Hangman, Hangman, where do they go? Down on the ground, where the daffodils grow. A corrections officer lies dead, a prison van stands empty . . . and somewhere out there, the monster who condemned innocents to death at the end of a rope watches and waits to strike again. Abbie leads a desperate manhunt through a city driven to its knees by fear, matching wits with a predator as brilliant as he is elusive. But as more victims are claimed, a rising tide of secrecy, paranoia, and politics forces her to realize that stepping beyond the law may be the only way to find justice. Because with each passing hour, the stakes grow higher—and Hangman’s noose gets tighter.
Reviews
Stephan Talty
Stephan Talty was born in Buffalo, New York to parents who’d emigrated from County Clare, Ireland. He went to Bishop Timon High School before attending Amherst College, where he graduated with a degree in English. After Amherst, he worked at the Miami Herald as a news clerk and police reporter, then became a freelance writer in Dublin and New York. He’s written for the New York Times Magazine, GQ, Playboy, the Irish Times, the Chicago Review and many other publications.

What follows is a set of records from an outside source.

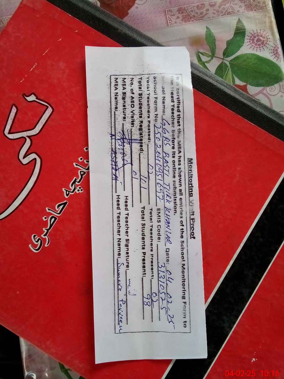 | EMIS Code: 31310525 | Name of School: GGPS BASTI TURK KHAN LAAR | |||
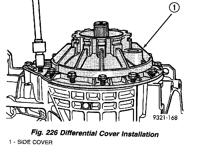7. Install differential cover (Fig. 226). Do not apply silicone sealant at this time. All bolts should be installed and tightened.
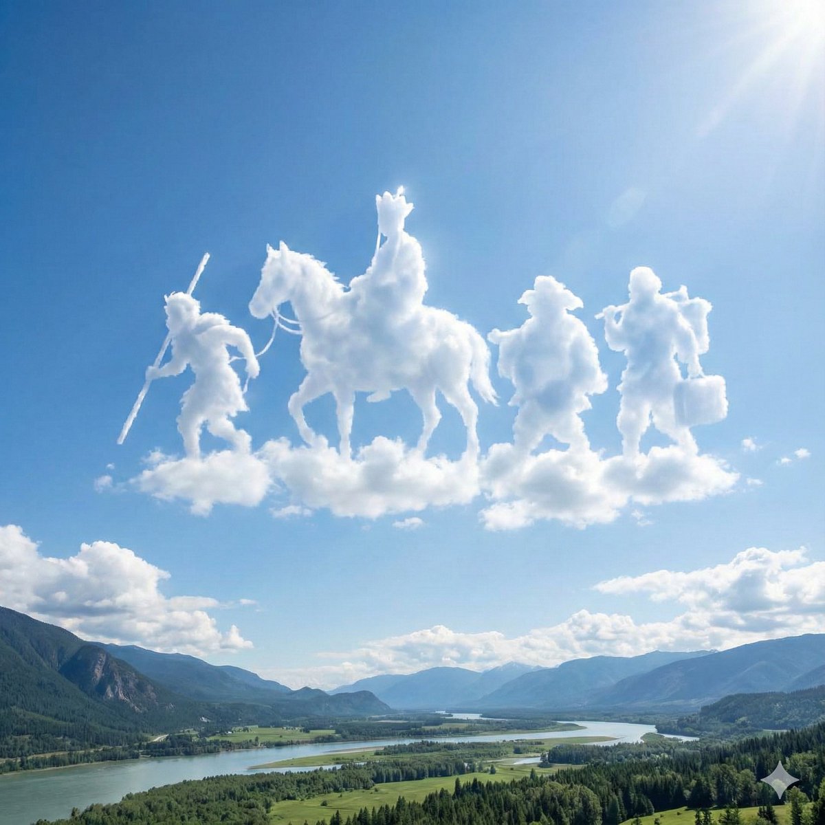 这个云朵造型很棒! 我把下方景观也整成了模板,填入你要的主体和景观即可! 🍌Nano banana Pro Prompt: 创建一个超写实的天空场景,柔和、自然的云层有机地聚合,形成一个清晰可辨的【主体】轮廓。云朵形态高悬在明亮蔚蓝的天空中,自然漂浮,其下方是清晰可识别的【景观描述】景观,为画面提供稳固的视觉基础。 画面构图为正方形(1080×1080),云层造型位于画面上半部分,下方的风景使整体场景更加平衡。光线清晰明亮,呈现出日光直射的效果,云朵上有被阳光照亮的高光,增强了层次感、柔软度与真实感。 整体氛围应当宁静、积极、富有视觉冲击力,色彩饱和度高,画面干净纯粹,营造出平和而清新的感觉。 主体:西游记唐僧师徒 景观描述:香港维多利亚港
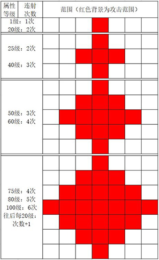 4、元素属性达到100级后,实际攻击距离将远超武器基础射程。例如武器射程为4,配合满级火属性可打击到射程7的位置,整体射程由“武器射程+元素属性加成”共同决定。
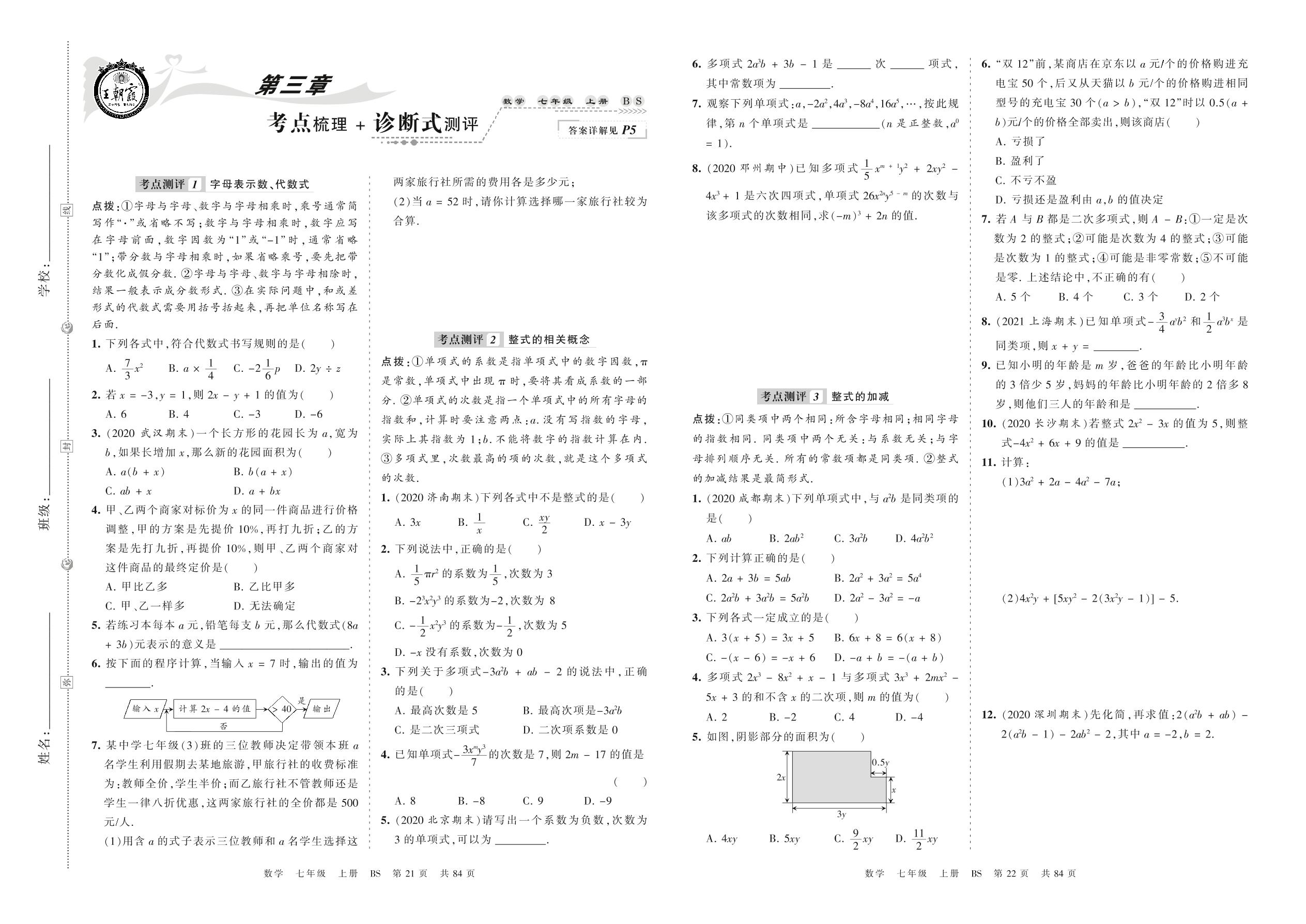 2021上册七年级数学北师版 第三章 考点梳理+诊断式测评
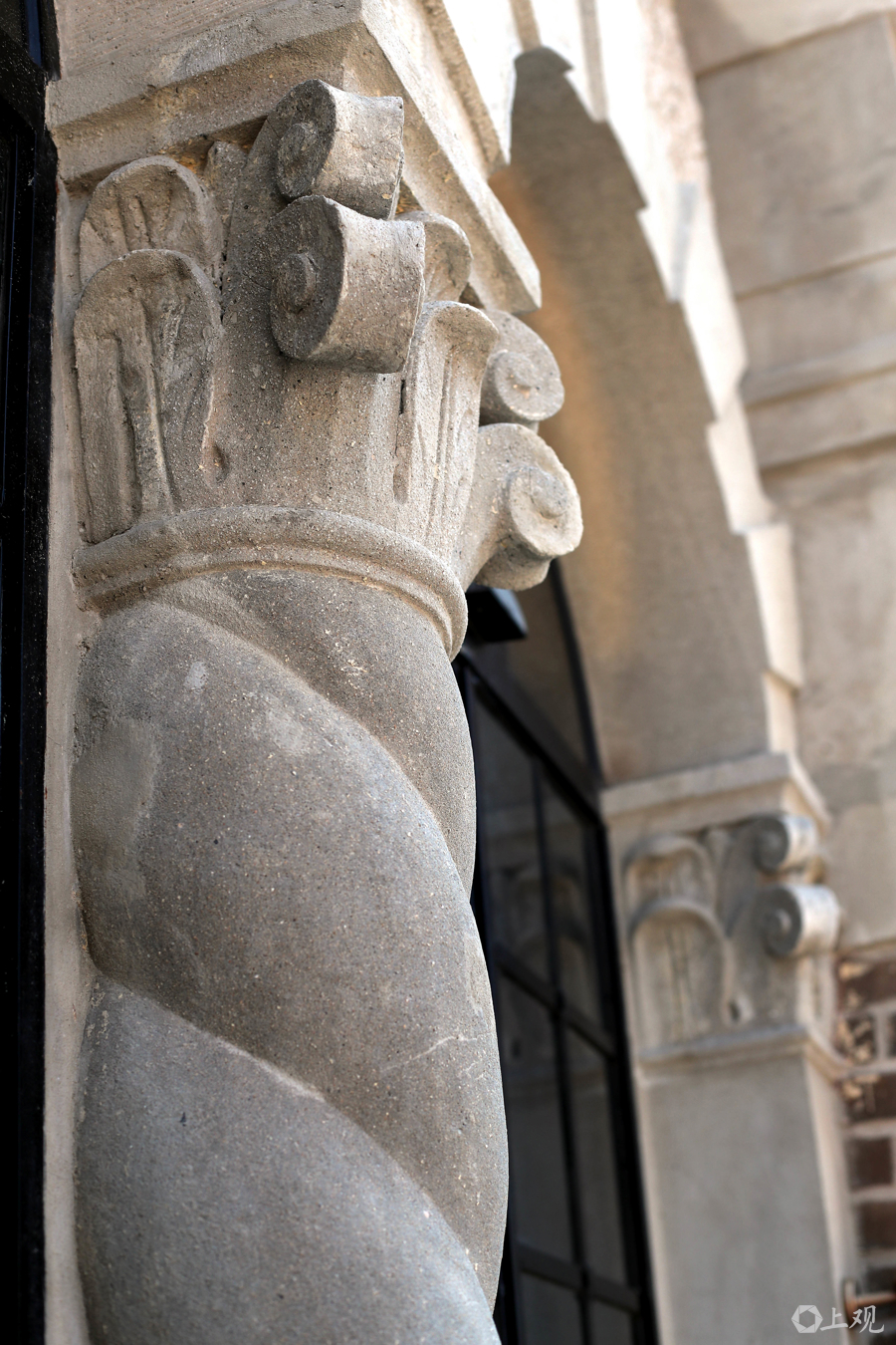 德邻公寓的西南转角阳台是建筑最具特色的部分,立柱为螺旋柱式,是西班牙建筑风格里独有的建筑语言,修缮期间对原先覆盖的涂料进行清洗和剥离,还原了历史原样。阳台的栏杆同样是亮点,绿色的琉璃砖材质,保留得比较完好。外立面为泰山面砖,大部分都保留了下来,对于局部缺损部位逐一进行修复。

Talty is the author of five non-fiction books: Mulatto America, about the mixing of black and white culture throughout American History; Empire of Blue Water, the story of the great pirate captain Henry Morgan; The Illustrious Dead, about Napoleon’s invasion of Russia and the typhus epidemic that doomed it; Escape from the Land of Snows, an account of the Dalai Lama’s escape from Tibet in 1959; and Agent Garbo, the story of the greatest double agent of World War II, Juan Pujol.
His first work of fiction, a crime novel called Black Irish, introduces the Harvard-educated detective, Absalom Kearney, and marks the beginning of a new crime series. He is also the co-author of the New York Times bestselling account, A Captain’s Duty, with Captain Richard Phillips, the hero of the Maersk Alabama hijacking. The book is being made into a film starring Tom Hanks, to be released in late 2013.
Talty now lives outside New York City with his wife and two children.